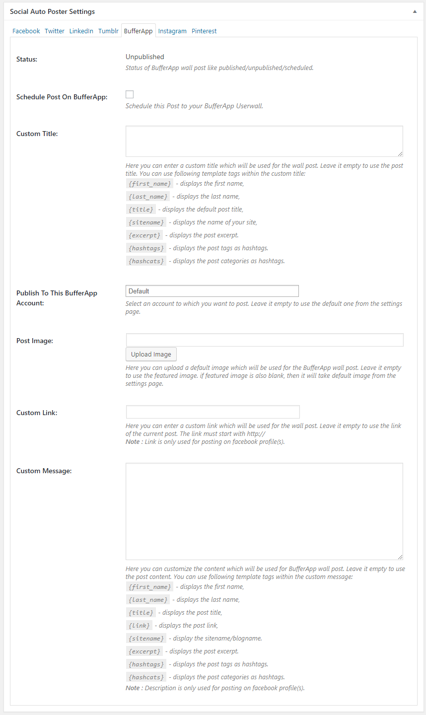 - It’s a time saver – Automatically shares your Posts/Pages/Custom Post Types to all major Social Media Platforms (Facebook, Twitter, LinkedIn, , Tumblr, BufferApp, Instagram and pinterest).
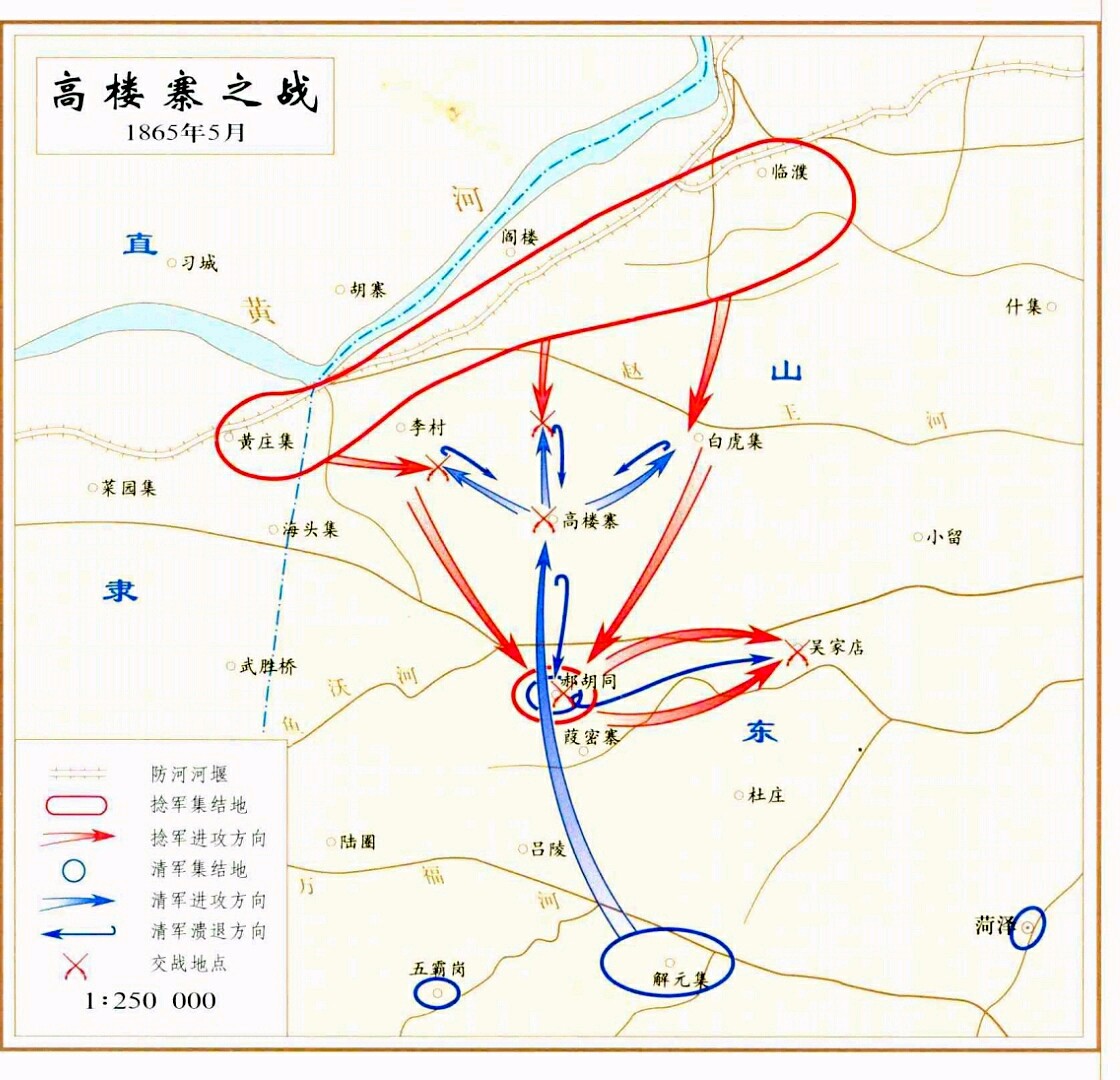 这时的僧格林沁一心求胜,孤军深入,想毕其功于一役,没想到却被张宗禹看出虚实,让僧格林沁陷入万劫不复的境地。1865年5月18日,僧格林沁率领队伍在曹州攻打高楼寨,这个地方易守难攻,水网密布,高地沟壑纵横,不利骑射。在此之前,满清朝廷有意削弱汉军势力,所以当朝廷让湘军北上支援僧格林沁的时候,曾国藩一直阳奉阴违、抗命不前,任由僧格林沁孤军前进。
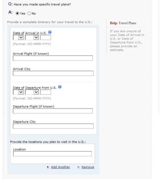 Ik heb zojuist gekeken wat het formulier DS-160 vraagt.
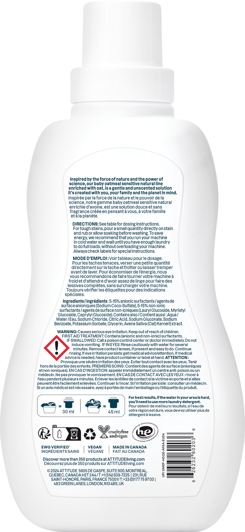 1 recensione in italiano sul prodotto ATTITUDE Sensitive - Detersivo Liquido per Capi dei Bambini

Prompt
Where a picture appears, omit it; otherwise reproduce each line above from the first to the one with "Ik heb zojuist", inclusive.

Answer below
 - It’s a time saver – Automatically shares your Posts/Pages/Custom Post Types to all major Social Media Platforms (Facebook, Twitter, LinkedIn, , Tumblr, BufferApp, Instagram and pinterest).
 这时的僧格林沁一心求胜,孤军深入,想毕其功于一役,没想到却被张宗禹看出虚实,让僧格林沁陷入万劫不复的境地。1865年5月18日,僧格林沁率领队伍在曹州攻打高楼寨,这个地方易守难攻,水网密布,高地沟壑纵横,不利骑射。在此之前,满清朝廷有意削弱汉军势力,所以当朝廷让湘军北上支援僧格林沁的时候,曾国藩一直阳奉阴违、抗命不前,任由僧格林沁孤军前进。
 Ik heb zojuist gekeken wat het formulier DS-160 vraagt.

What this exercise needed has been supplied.